One of the wisest men I have ever known is Jay Robinson. Jay, who passed away several years ago, was, when I first met him, superintendent of the Charlotte-Mecklenburg schools in North Carolina. (He later became vice president of the University of North Carolina.) I met him about the time the book mentioned above was published. Jay read it and here is what I recall him saying to me: “Phil, you are going to have to make up your mind whether you want to write books for people like me (by which he meant practicing school administrators and teachers) or for professors and graduate students. I read this book because I like you, but believe me I wouldn’t have gone beyond the preface if I had not known you. There is good stuff in that book, but I had to work too hard to find it.” (By the way, Jay is the person who introduced me to the work of Peter Drucker.)

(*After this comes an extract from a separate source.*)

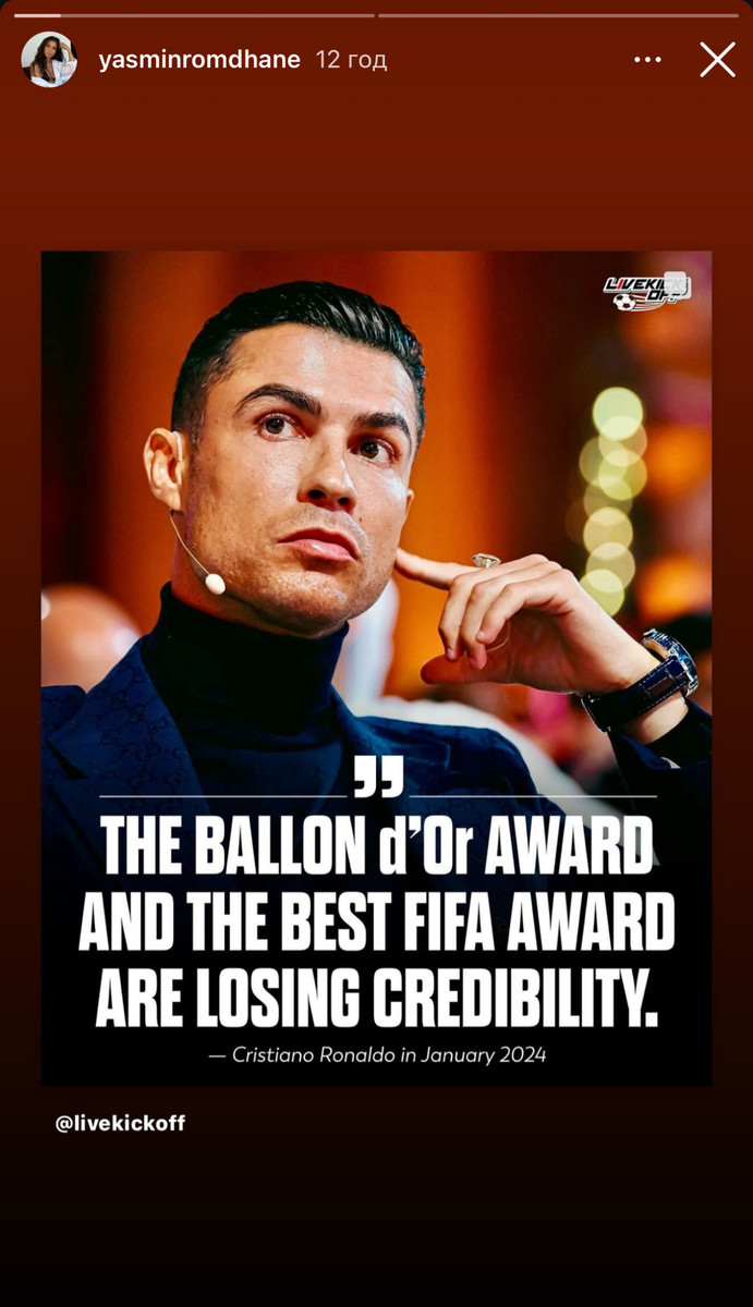 Ясмін Ромдхан зробила два дописи у соціальних мережах. У першому вона навела цитату Кріштіану Роналду про те, що нагорода втратила свою довіру, а потім залишила послання для самого Вінісіуса.
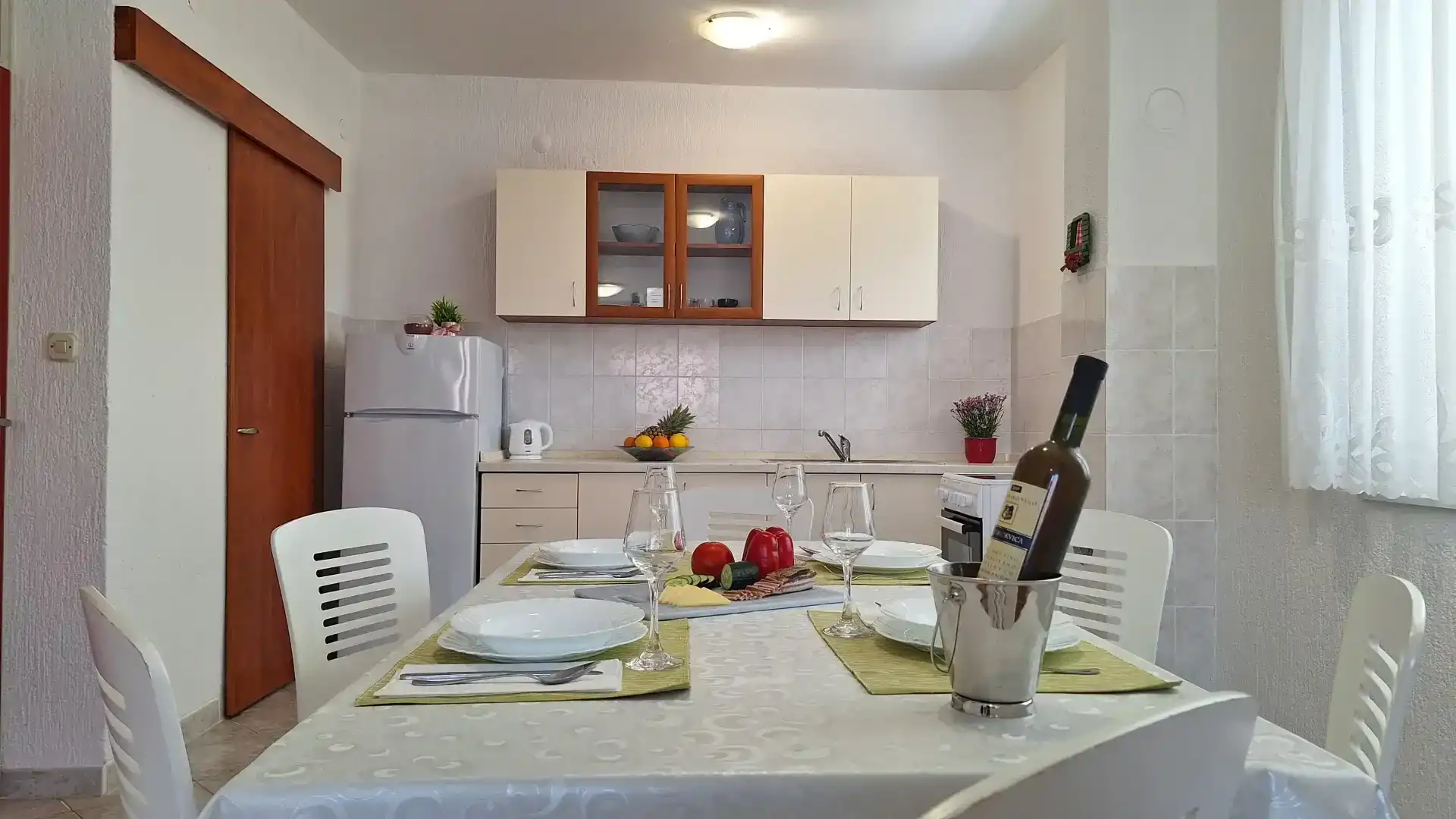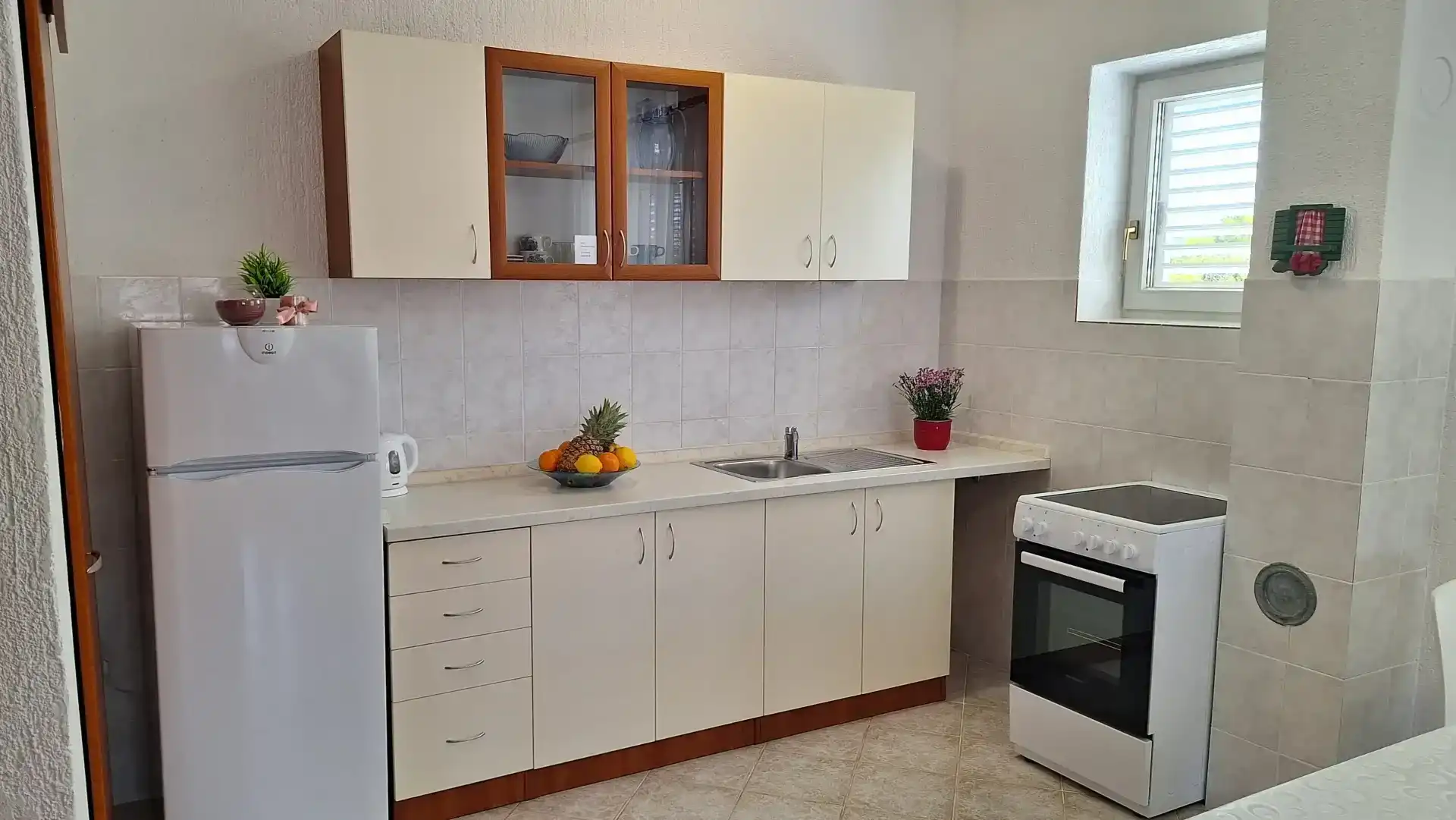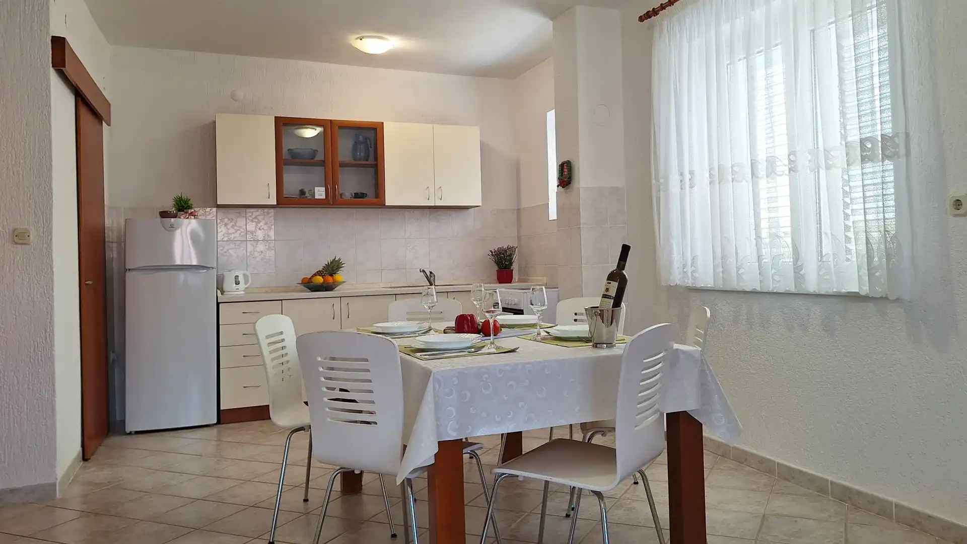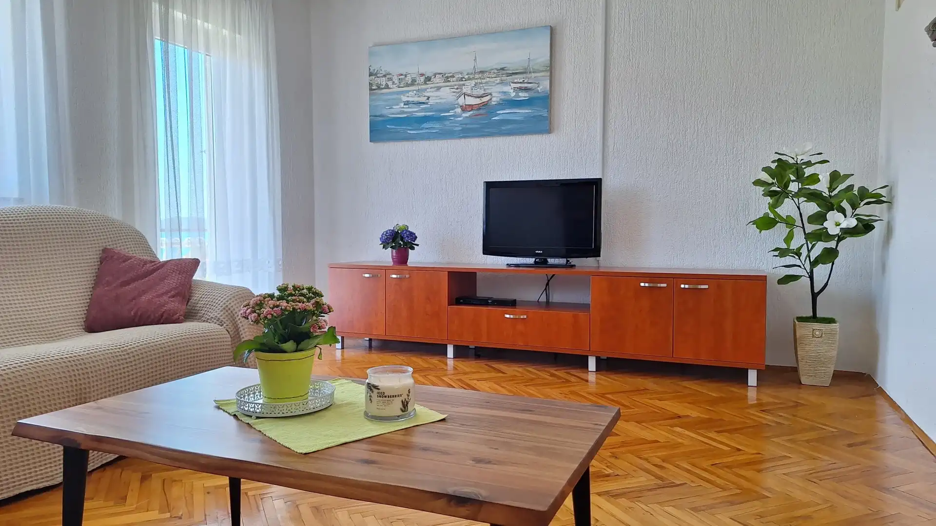The apartment is located in a family house, in a quiet part of Brodarica, 100 meters from the beach. The apartment has a free parking space. The apartment is equipped with air conditioning, internet, satellite receiver, etc. The price includes bed linen and a welcome drink. The distance from the city of Šibenik is 5 km, Solaris Resort 3 km, highway 5 km, shopping center 3 km. In Šibenik and the surrounding area there is a rich offer of cultural and historical heritage and natural beauties, national parks Krka and Kornati. To get to the beach you do not need to cross the road.

            I started working with Jay in 1977 and I worked hard to meet his standards. I knew I was getting someplace when, in the early 1980s, I was invited to testify before the education committee of the Tennessee legislature. After I testified, one of the committee members gave me a ride back to the airport. On the way back I recall him saying, “Son, you sure can get the hay down to the ponies.” Obviously, he was pretty good at getting the hay down to the ponies himself. In one brief and pithy statement he both summarized the problem presented by the curse of knowledge I referred to earlier and suggested a solution as well. Those who have knowledge must seek the core of what they know and what they want to communicate and they must state what they know in terms that are familiar to their audience. (By the time we took our ride, the legislator was aware that I was born and raised in the country and knew something about horses, ponies, and haylofts.) 

            Stating a complex notion in simple ways is, according to the Heaths, one of the first steps in making ideas stick. To do this, one must get to the core of the idea and strip away everything but that core. In doing this, however, one must be careful not to strip so much away that the essence of the idea is lost. Moreover, the core idea should be stated in a way that invites others to later explore the subtleties, nuances, and additional insights that have been stripped away to make the idea more sticky.

            Here I am reminded of the maxim that anyone who wants to present a complex notion to an audience that is not already familiar with the contours of the notion should have a 30-second message that states in clear and simple terms the core of the message he or she is trying to convey,  a 3-minute statement for those who find, as a result of the 30-second message, that they want to know more, and a 30-minute statement that expands and develops the core idea to a more sophisticated level-thus the simple idea of the 30-3-30 rule for conveying new ideas.